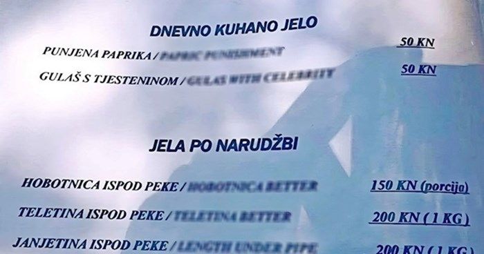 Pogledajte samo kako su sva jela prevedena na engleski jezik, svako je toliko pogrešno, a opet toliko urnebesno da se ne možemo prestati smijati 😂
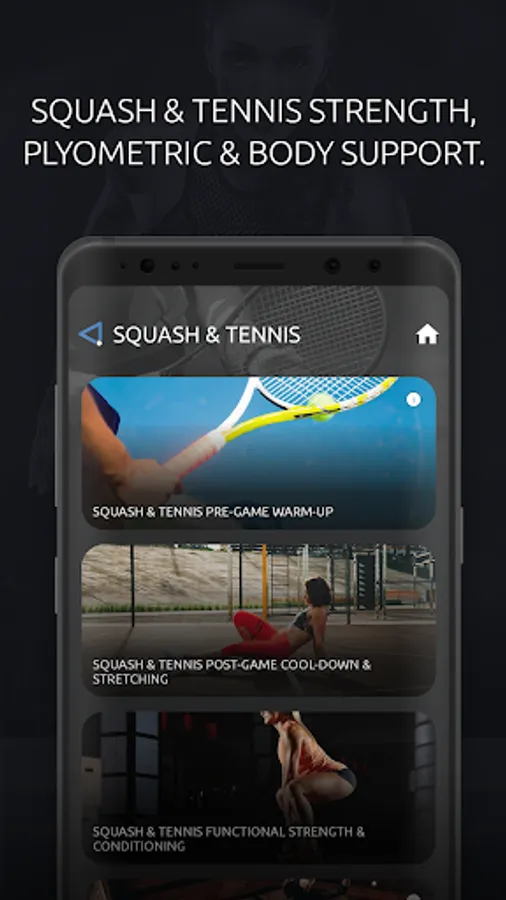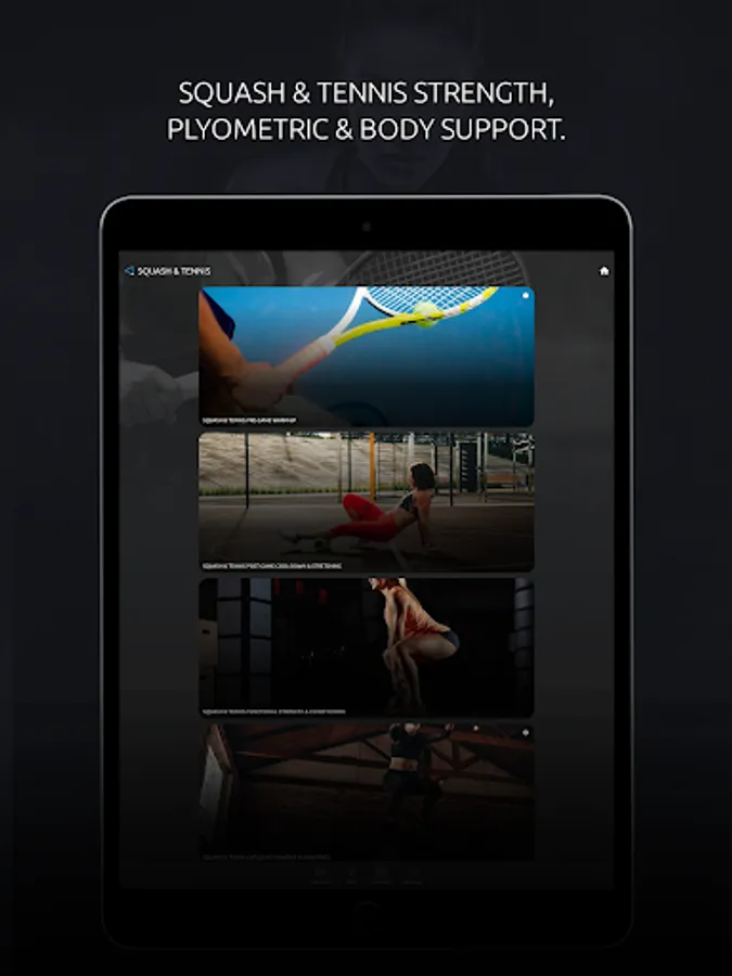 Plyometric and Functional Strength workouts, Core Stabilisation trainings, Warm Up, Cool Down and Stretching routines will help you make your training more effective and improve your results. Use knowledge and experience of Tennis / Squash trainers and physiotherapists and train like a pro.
...
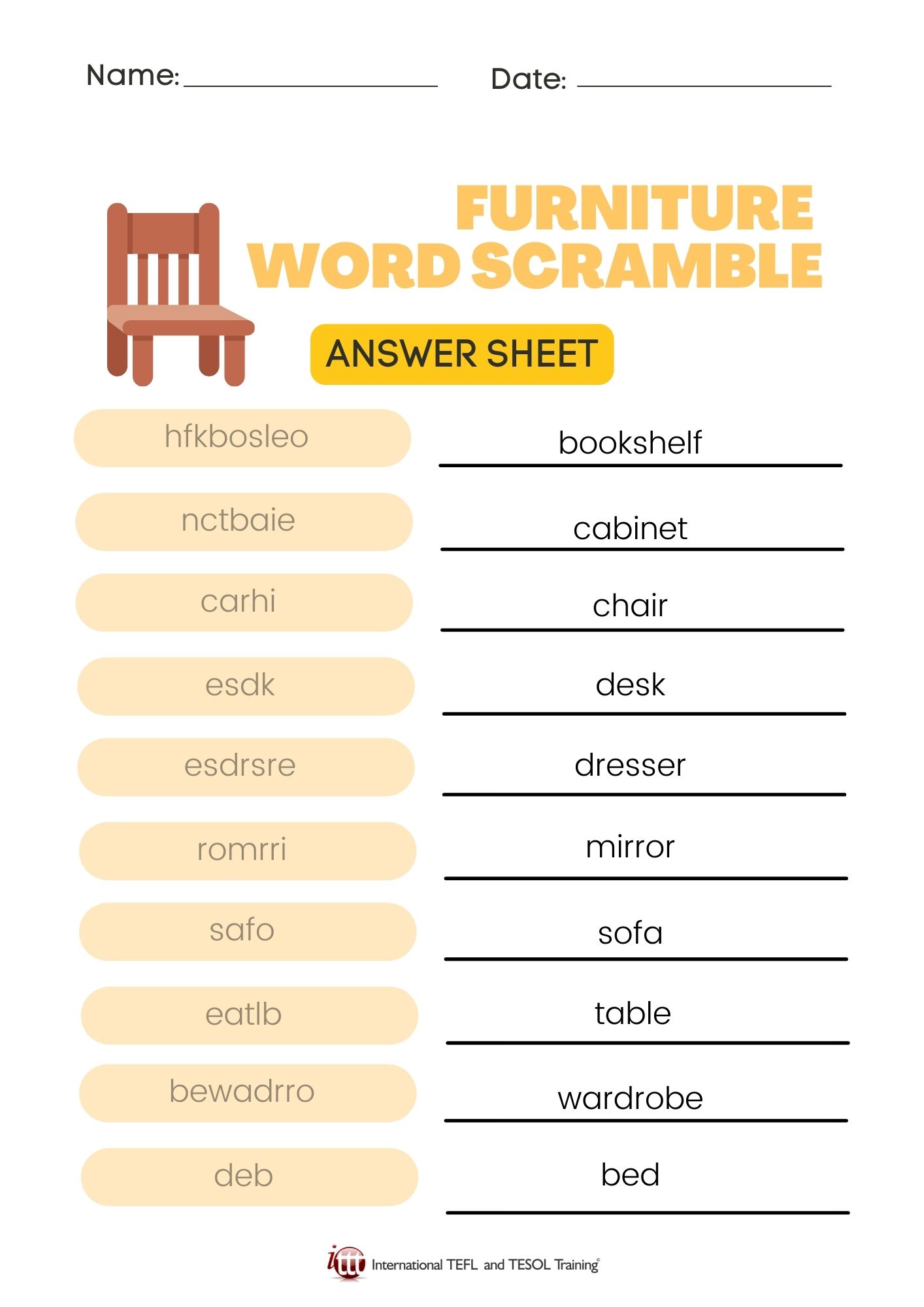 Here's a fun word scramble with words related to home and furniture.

### PROBLEM
Transcribe, word for word, the lines of the listing above from the one that contains "Pogledajte samo kako" through the one that contains "Plyometric and Functional", keeping both ends and dropping the pictures.

### EXERCISE RESPONSE
 Pogledajte samo kako su sva jela prevedena na engleski jezik, svako je toliko pogrešno, a opet toliko urnebesno da se ne možemo prestati smijati 😂
 Plyometric and Functional Strength workouts, Core Stabilisation trainings, Warm Up, Cool Down and Stretching routines will help you make your training more effective and improve your results. Use knowledge and experience of Tennis / Squash trainers and physiotherapists and train like a pro.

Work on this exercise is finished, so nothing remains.